### Work to complete
Before copying the entries, remove the pictures; everything else stays exactly as it is.

--- --- ---

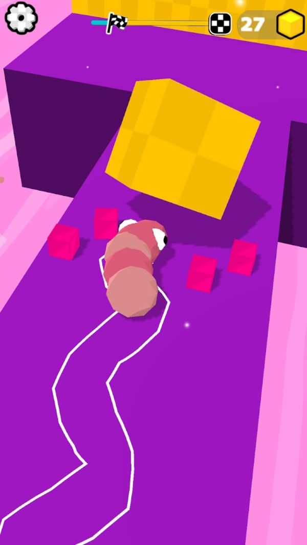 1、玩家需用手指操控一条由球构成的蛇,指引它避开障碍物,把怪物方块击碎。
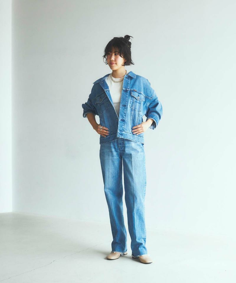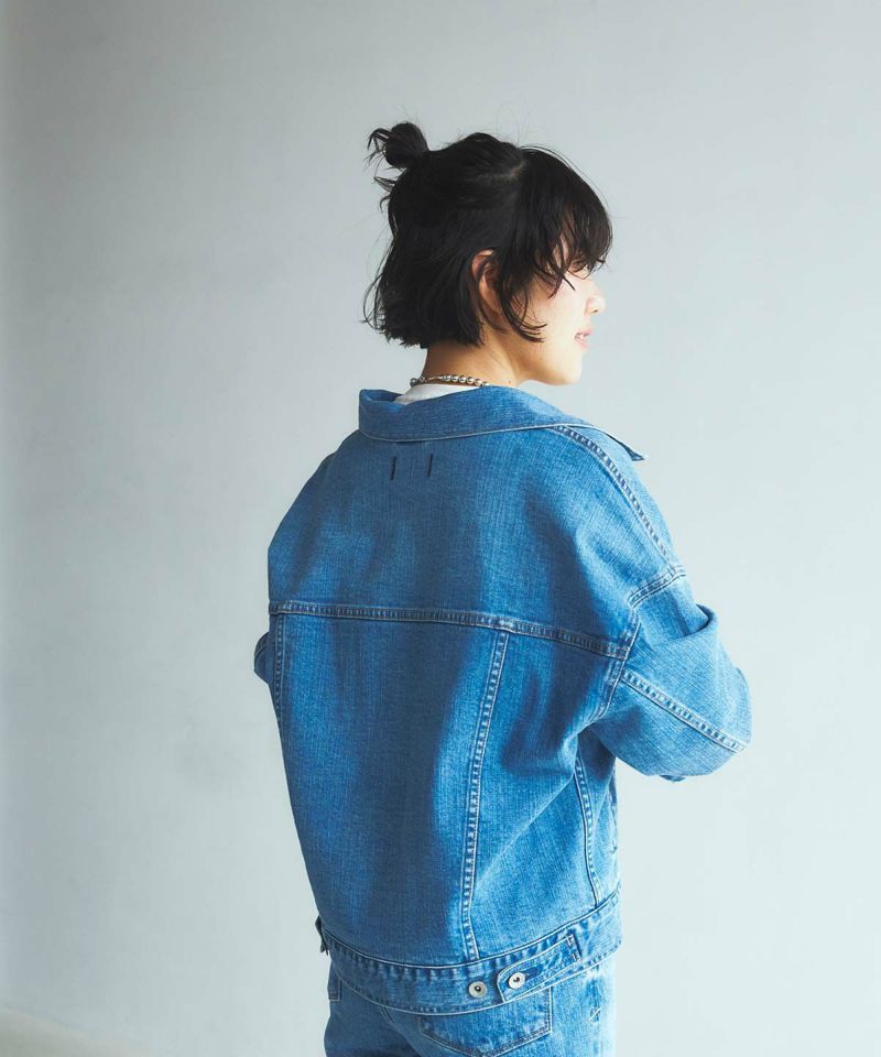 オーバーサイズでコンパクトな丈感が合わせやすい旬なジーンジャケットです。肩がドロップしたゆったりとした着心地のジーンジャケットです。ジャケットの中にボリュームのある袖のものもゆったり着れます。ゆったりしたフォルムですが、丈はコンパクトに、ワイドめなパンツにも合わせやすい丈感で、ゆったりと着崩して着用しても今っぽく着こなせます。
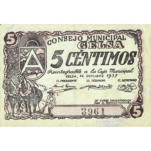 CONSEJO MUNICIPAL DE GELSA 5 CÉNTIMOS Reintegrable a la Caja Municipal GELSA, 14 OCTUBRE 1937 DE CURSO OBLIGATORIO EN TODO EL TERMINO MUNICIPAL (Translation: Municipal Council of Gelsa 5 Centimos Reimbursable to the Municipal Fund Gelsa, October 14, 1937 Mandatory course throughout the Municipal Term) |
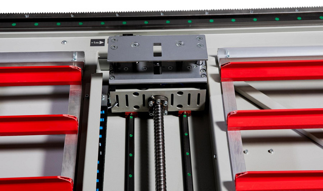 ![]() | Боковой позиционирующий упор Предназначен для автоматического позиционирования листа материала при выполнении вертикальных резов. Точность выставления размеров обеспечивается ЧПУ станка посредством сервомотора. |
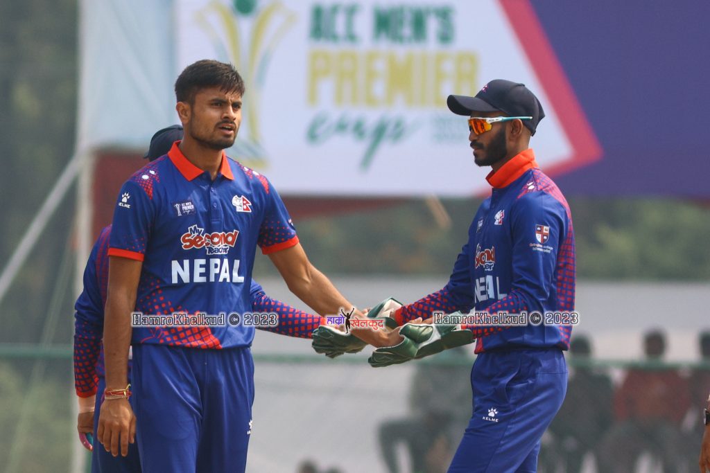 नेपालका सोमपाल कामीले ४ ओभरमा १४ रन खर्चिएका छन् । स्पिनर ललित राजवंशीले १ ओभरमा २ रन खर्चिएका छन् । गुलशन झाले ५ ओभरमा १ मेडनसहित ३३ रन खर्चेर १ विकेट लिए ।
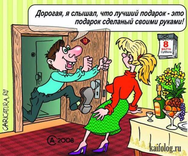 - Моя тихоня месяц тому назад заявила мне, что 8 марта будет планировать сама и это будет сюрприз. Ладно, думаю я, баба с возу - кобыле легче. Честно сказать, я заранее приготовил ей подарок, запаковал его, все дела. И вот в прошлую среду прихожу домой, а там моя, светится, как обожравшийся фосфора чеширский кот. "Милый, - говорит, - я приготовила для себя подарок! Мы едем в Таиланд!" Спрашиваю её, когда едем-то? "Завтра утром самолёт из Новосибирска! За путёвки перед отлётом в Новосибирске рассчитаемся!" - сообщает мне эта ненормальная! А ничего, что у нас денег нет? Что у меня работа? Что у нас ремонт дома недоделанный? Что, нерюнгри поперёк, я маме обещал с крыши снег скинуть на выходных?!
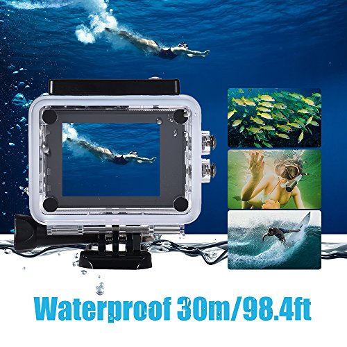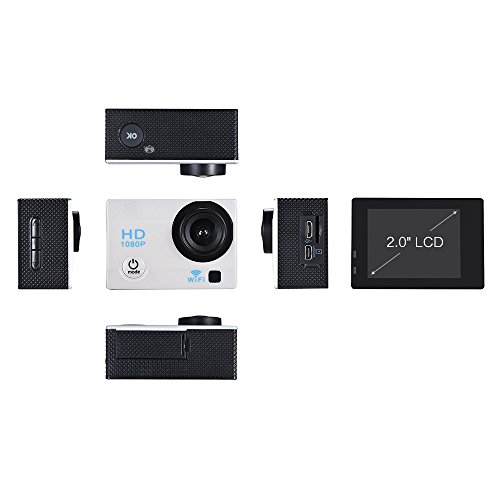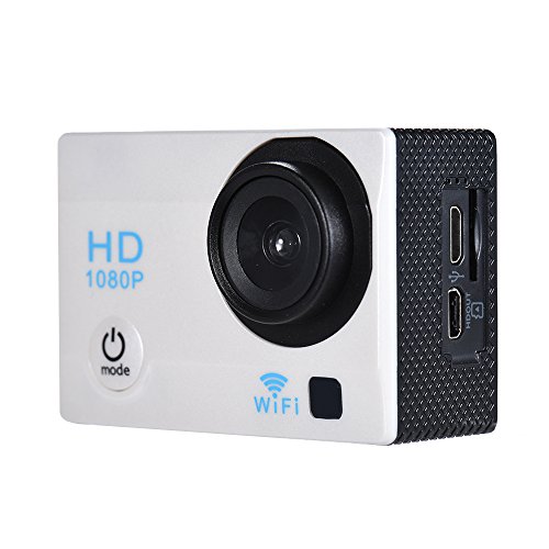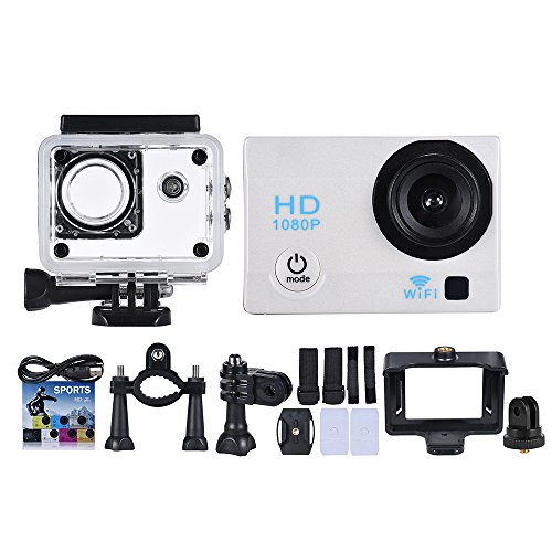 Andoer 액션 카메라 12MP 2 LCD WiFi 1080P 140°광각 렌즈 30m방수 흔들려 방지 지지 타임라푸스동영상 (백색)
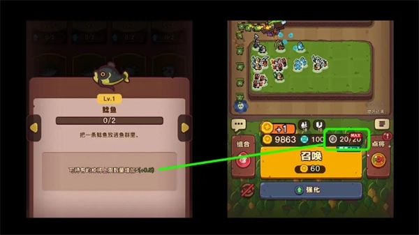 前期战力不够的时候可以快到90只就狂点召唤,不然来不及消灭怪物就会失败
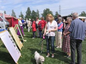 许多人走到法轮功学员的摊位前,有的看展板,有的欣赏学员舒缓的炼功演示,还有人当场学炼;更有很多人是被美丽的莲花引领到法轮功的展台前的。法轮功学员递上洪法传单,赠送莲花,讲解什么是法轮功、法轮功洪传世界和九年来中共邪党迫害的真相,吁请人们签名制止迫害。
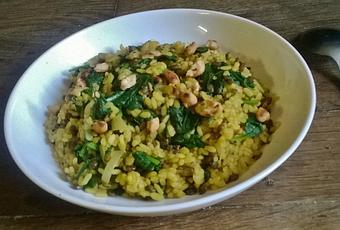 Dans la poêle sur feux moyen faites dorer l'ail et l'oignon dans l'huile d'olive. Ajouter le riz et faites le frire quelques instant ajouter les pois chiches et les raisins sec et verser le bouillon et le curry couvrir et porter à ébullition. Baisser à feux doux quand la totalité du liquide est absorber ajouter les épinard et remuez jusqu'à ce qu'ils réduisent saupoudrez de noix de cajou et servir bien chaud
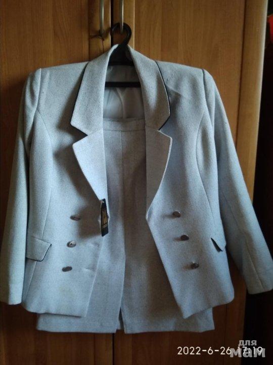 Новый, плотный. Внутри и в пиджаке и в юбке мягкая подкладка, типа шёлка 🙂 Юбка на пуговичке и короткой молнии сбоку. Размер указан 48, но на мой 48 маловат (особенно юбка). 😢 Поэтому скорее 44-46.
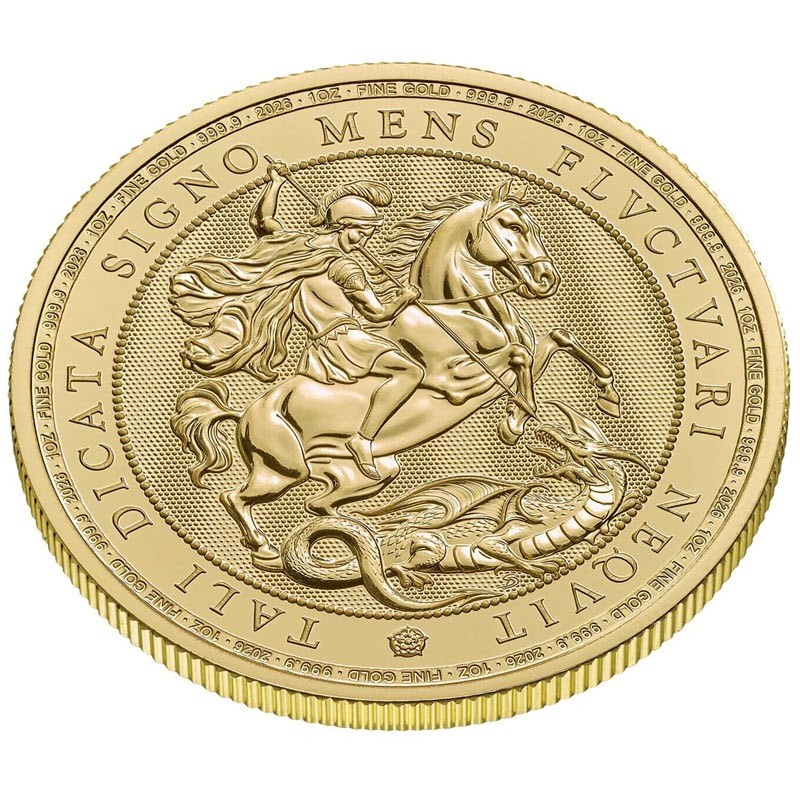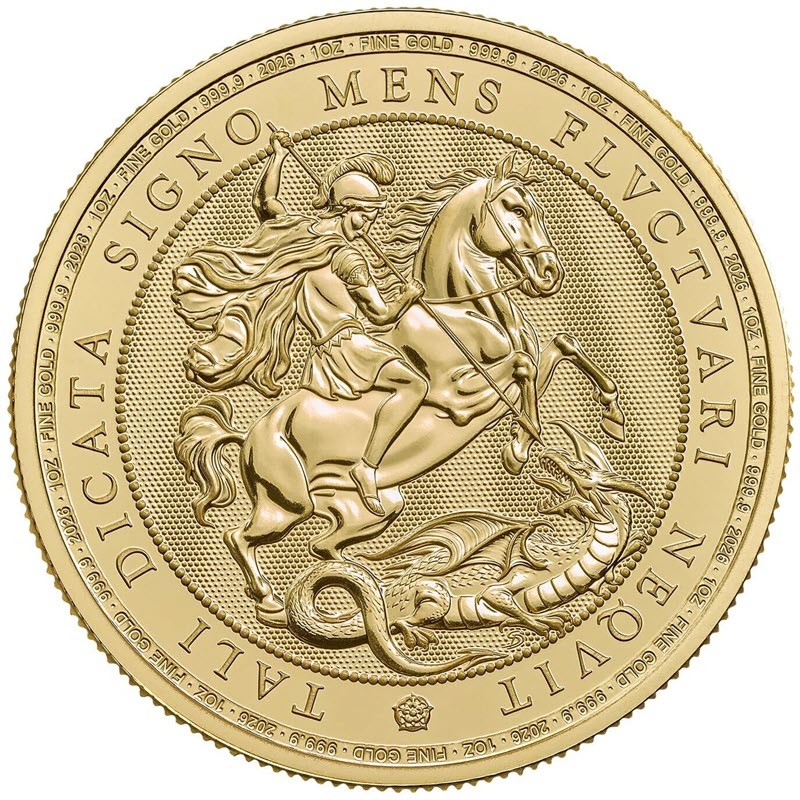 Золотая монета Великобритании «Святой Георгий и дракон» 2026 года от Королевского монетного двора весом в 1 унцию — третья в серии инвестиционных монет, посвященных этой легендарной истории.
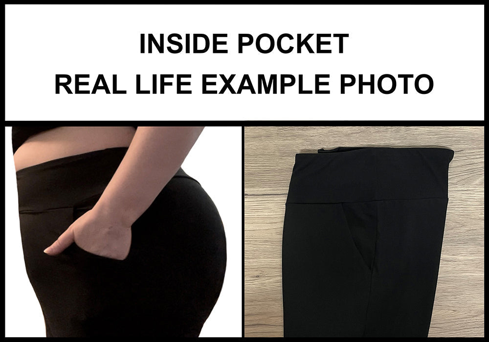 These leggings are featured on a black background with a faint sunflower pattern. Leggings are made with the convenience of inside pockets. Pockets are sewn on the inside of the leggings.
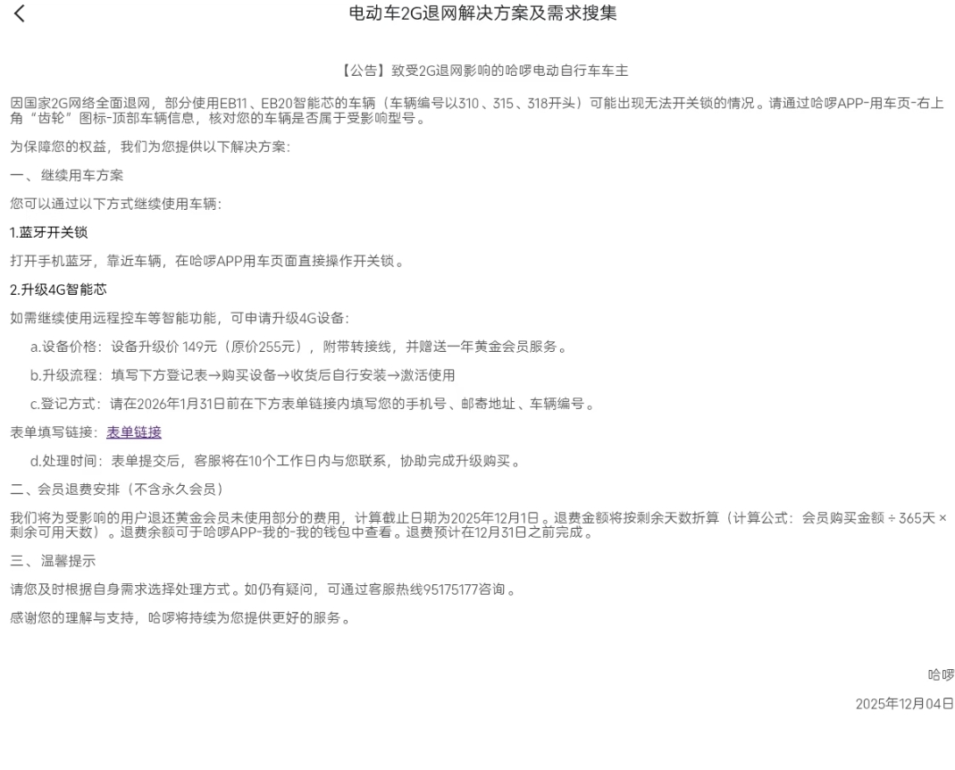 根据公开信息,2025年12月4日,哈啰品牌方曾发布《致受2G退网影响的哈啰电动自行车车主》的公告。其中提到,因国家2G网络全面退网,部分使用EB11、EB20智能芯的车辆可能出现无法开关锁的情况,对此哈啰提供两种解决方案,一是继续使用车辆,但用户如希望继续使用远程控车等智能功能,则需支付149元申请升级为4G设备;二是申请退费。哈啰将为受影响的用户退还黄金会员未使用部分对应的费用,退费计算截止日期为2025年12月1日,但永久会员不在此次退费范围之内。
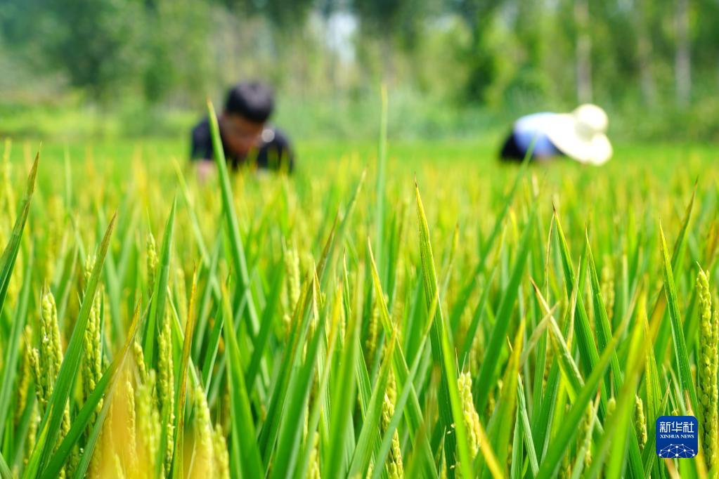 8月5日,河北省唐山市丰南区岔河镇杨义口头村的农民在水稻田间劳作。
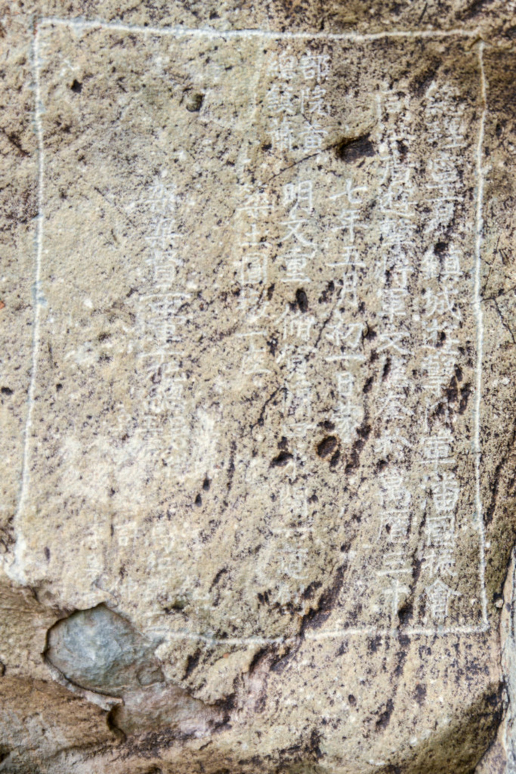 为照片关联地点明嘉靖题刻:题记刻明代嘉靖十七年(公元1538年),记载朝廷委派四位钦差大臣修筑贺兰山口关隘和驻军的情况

--- --- ---

### Answer box
 1、玩家需用手指操控一条由球构成的蛇,指引它避开障碍物,把怪物方块击碎。
 オーバーサイズでコンパクトな丈感が合わせやすい旬なジーンジャケットです。肩がドロップしたゆったりとした着心地のジーンジャケットです。ジャケットの中にボリュームのある袖のものもゆったり着れます。ゆったりしたフォルムですが、丈はコンパクトに、ワイドめなパンツにも合わせやすい丈感で、ゆったりと着崩して着用しても今っぽく着こなせます。
 CONSEJO MUNICIPAL DE GELSA 5 CÉNTIMOS Reintegrable a la Caja Municipal GELSA, 14 OCTUBRE 1937 DE CURSO OBLIGATORIO EN TODO EL TERMINO MUNICIPAL (Translation: Municipal Council of Gelsa 5 Centimos Reimbursable to the Municipal Fund Gelsa, October 14, 1937 Mandatory course throughout the Municipal Term) |
 ![]() | Боковой позиционирующий упор Предназначен для автоматического позиционирования листа материала при выполнении вертикальных резов. Точность выставления размеров обеспечивается ЧПУ станка посредством сервомотора. |
 नेपालका सोमपाल कामीले ४ ओभरमा १४ रन खर्चिएका छन् । स्पिनर ललित राजवंशीले १ ओभरमा २ रन खर्चिएका छन् । गुलशन झाले ५ ओभरमा १ मेडनसहित ३३ रन खर्चेर १ विकेट लिए ।
 - Моя тихоня месяц тому назад заявила мне, что 8 марта будет планировать сама и это будет сюрприз. Ладно, думаю я, баба с возу - кобыле легче. Честно сказать, я заранее приготовил ей подарок, запаковал его, все дела. И вот в прошлую среду прихожу домой, а там моя, светится, как обожравшийся фосфора чеширский кот. "Милый, - говорит, - я приготовила для себя подарок! Мы едем в Таиланд!" Спрашиваю её, когда едем-то? "Завтра утром самолёт из Новосибирска! За путёвки перед отлётом в Новосибирске рассчитаемся!" - сообщает мне эта ненормальная! А ничего, что у нас денег нет? Что у меня работа? Что у нас ремонт дома недоделанный? Что, нерюнгри поперёк, я маме обещал с крыши снег скинуть на выходных?!
 Andoer 액션 카메라 12MP 2 LCD WiFi 1080P 140°광각 렌즈 30m방수 흔들려 방지 지지 타임라푸스동영상 (백색)
 前期战力不够的时候可以快到90只就狂点召唤,不然来不及消灭怪物就会失败
 许多人走到法轮功学员的摊位前,有的看展板,有的欣赏学员舒缓的炼功演示,还有人当场学炼;更有很多人是被美丽的莲花引领到法轮功的展台前的。法轮功学员递上洪法传单,赠送莲花,讲解什么是法轮功、法轮功洪传世界和九年来中共邪党迫害的真相,吁请人们签名制止迫害。
 Dans la poêle sur feux moyen faites dorer l'ail et l'oignon dans l'huile d'olive. Ajouter le riz et faites le frire quelques instant ajouter les pois chiches et les raisins sec et verser le bouillon et le curry couvrir et porter à ébullition. Baisser à feux doux quand la totalité du liquide est absorber ajouter les épinard et remuez jusqu'à ce qu'ils réduisent saupoudrez de noix de cajou et servir bien chaud
 Новый, плотный. Внутри и в пиджаке и в юбке мягкая подкладка, типа шёлка 🙂 Юбка на пуговичке и короткой молнии сбоку. Размер указан 48, но на мой 48 маловат (особенно юбка). 😢 Поэтому скорее 44-46.
 Золотая монета Великобритании «Святой Георгий и дракон» 2026 года от Королевского монетного двора весом в 1 унцию — третья в серии инвестиционных монет, посвященных этой легендарной истории.
 These leggings are featured on a black background with a faint sunflower pattern. Leggings are made with the convenience of inside pockets. Pockets are sewn on the inside of the leggings.
 根据公开信息,2025年12月4日,哈啰品牌方曾发布《致受2G退网影响的哈啰电动自行车车主》的公告。其中提到,因国家2G网络全面退网,部分使用EB11、EB20智能芯的车辆可能出现无法开关锁的情况,对此哈啰提供两种解决方案,一是继续使用车辆,但用户如希望继续使用远程控车等智能功能,则需支付149元申请升级为4G设备;二是申请退费。哈啰将为受影响的用户退还黄金会员未使用部分对应的费用,退费计算截止日期为2025年12月1日,但永久会员不在此次退费范围之内。
 8月5日,河北省唐山市丰南区岔河镇杨义口头村的农民在水稻田间劳作。
 为照片关联地点明嘉靖题刻:题记刻明代嘉靖十七年(公元1538年),记载朝廷委派四位钦差大臣修筑贺兰山口关隘和驻军的情况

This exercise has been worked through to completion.